- **TASK ITEM**
Output the first line of the listing and each line after it, up to and including the line that contains "温湿度・人感・照度・タイマー", exactly as written, minus the pictures.

- **RECORDS FOR THIS TASK**
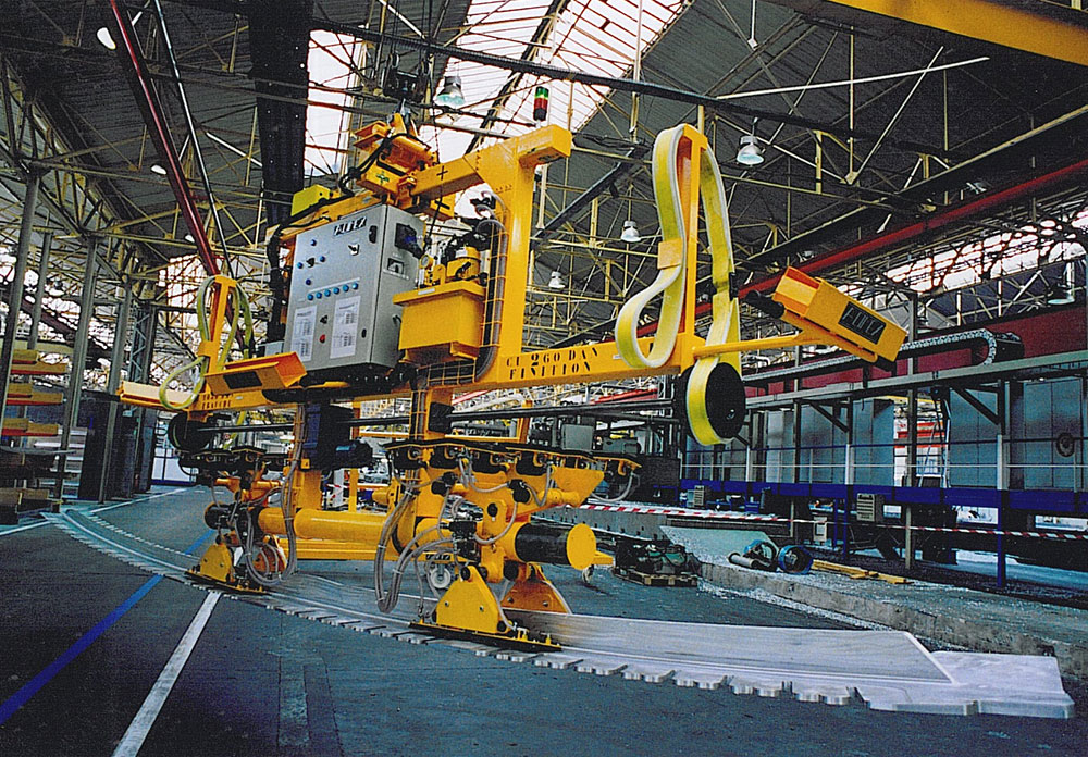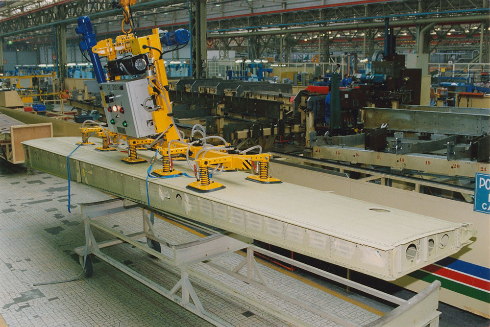 A l’aide de ses ventouses, le palonnier ACIMEX saisit la peau de fuselage (le revêtement de l’avion) disposée sous forme de tôle sur un chariot. Une fois la préhension faite, la tôle est alors basculée, déplacée puis déposée au poste d’assemblage.
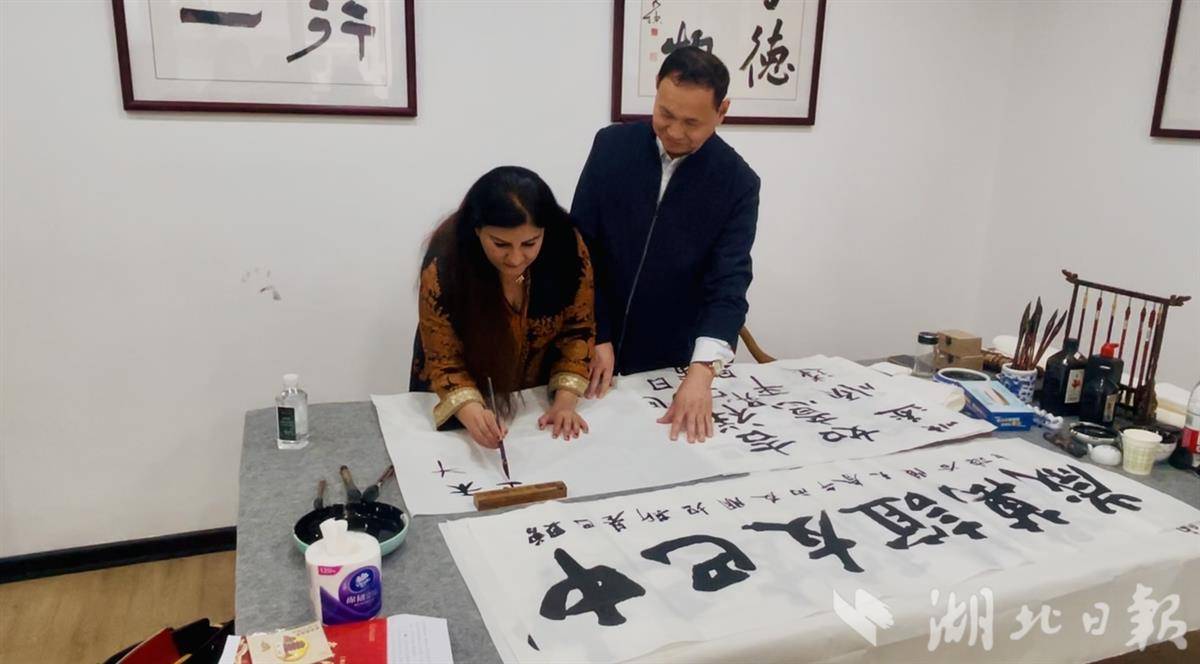 行走在孝感的大街小巷,“巴铁”是巴基斯坦媒体人从孝感民众口中听到最多的词。参访活动中,文昌阁社区书法爱好者们还手把手教代表团成员写毛笔字,并在宣纸上郑重写下“中巴友谊万岁!”
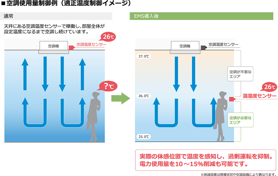 温湿度・人感・照度・タイマー・入退室・防犯などの様々なセンサー情報と、照明・空調・警報が連動し 制御されます。販促システムや、総エネシステムとの連携も可能です。
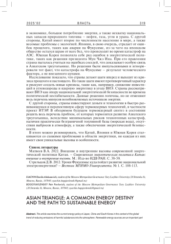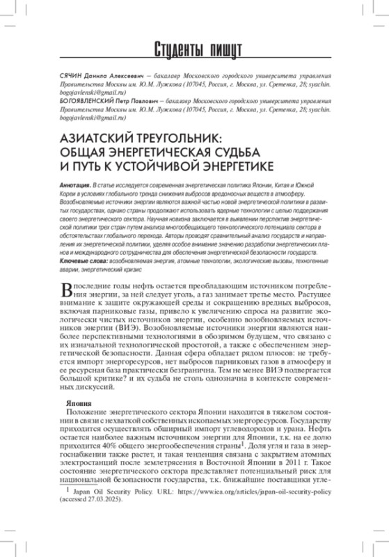 В статье исследуется современная энергетическая политика Японии, Китая и Южной Кореи в условиях глобального тренда снижения выбросов вредоносных веществ в атмосферу. Возобновляемые источники энергии являются важной частью новой энергетической политики в развитых государствах, однако страны продолжают использовать ядерные технологии с целью поддержания своего энергетического сектора. Научная новизна заключается в выявлении перспектив энергетической политики трех стран путем анализа многообещающего технологического потенциала сектора в обстоятельствах глобального перехода. Авторы проводят сравнительный анализ государств и направления их энергетической политики, уделяя особое внимание значению разработки энергетических планов и международного сотрудничества для обеспечения энергетической безопасности государств.
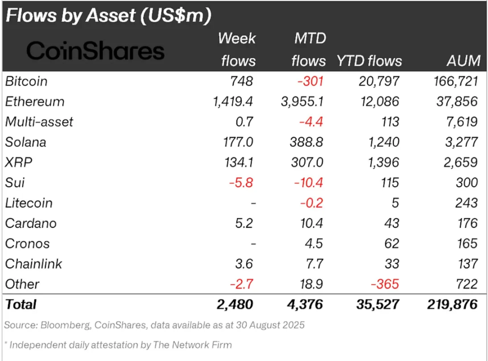 最直观的证据来自交易所交易产品(ETPs):2025 年年初至今,美国加密货币 ETP 净流入超 350 亿美元,其中以太坊基金占比最高;仅 8 月单月,流入规模就达 49 亿美元,近 40 亿美元流向以太坊相关产品。
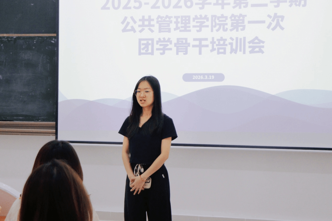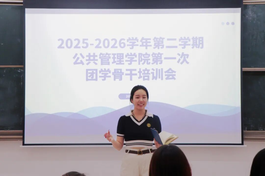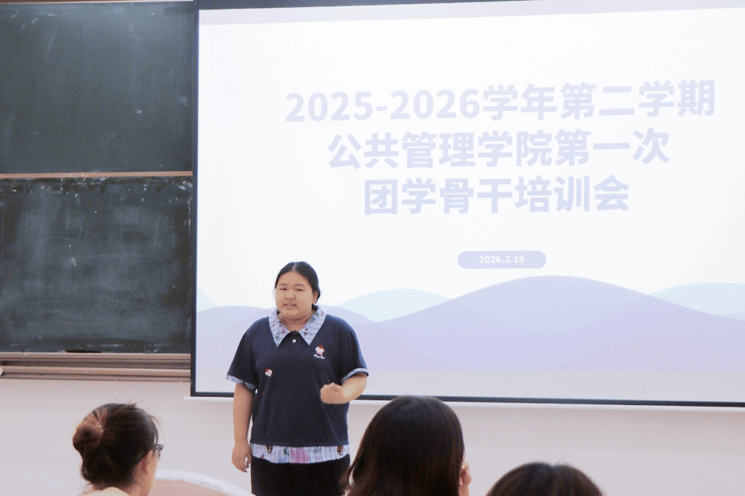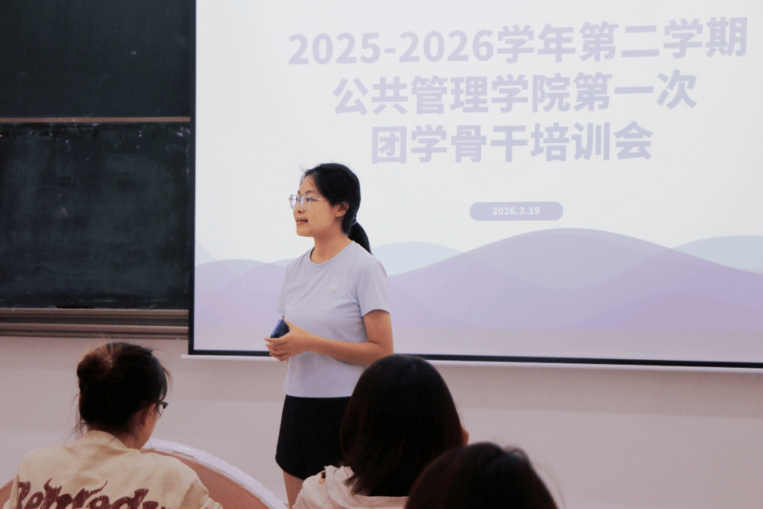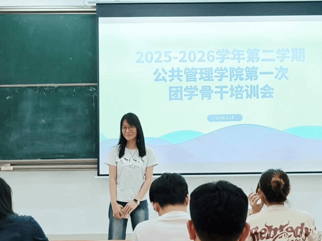 2026年3月19日,为确保新学期团学工作有序推进, 2025-2026学年第二学期公共管理学院第一次团学骨干培训会在教学楼6号(206室)顺利召开。本次会议由公共管理学院团委书记叶晓燕老师以及团委副书记兼24级辅导员梁颖姿老师及团学各部门部长共同参会。

- **RESPONSE BELOW**
 A l’aide de ses ventouses, le palonnier ACIMEX saisit la peau de fuselage (le revêtement de l’avion) disposée sous forme de tôle sur un chariot. Une fois la préhension faite, la tôle est alors basculée, déplacée puis déposée au poste d’assemblage.
 行走在孝感的大街小巷,“巴铁”是巴基斯坦媒体人从孝感民众口中听到最多的词。参访活动中,文昌阁社区书法爱好者们还手把手教代表团成员写毛笔字,并在宣纸上郑重写下“中巴友谊万岁!”
 温湿度・人感・照度・タイマー・入退室・防犯などの様々なセンサー情報と、照明・空調・警報が連動し 制御されます。販促システムや、総エネシステムとの連携も可能です。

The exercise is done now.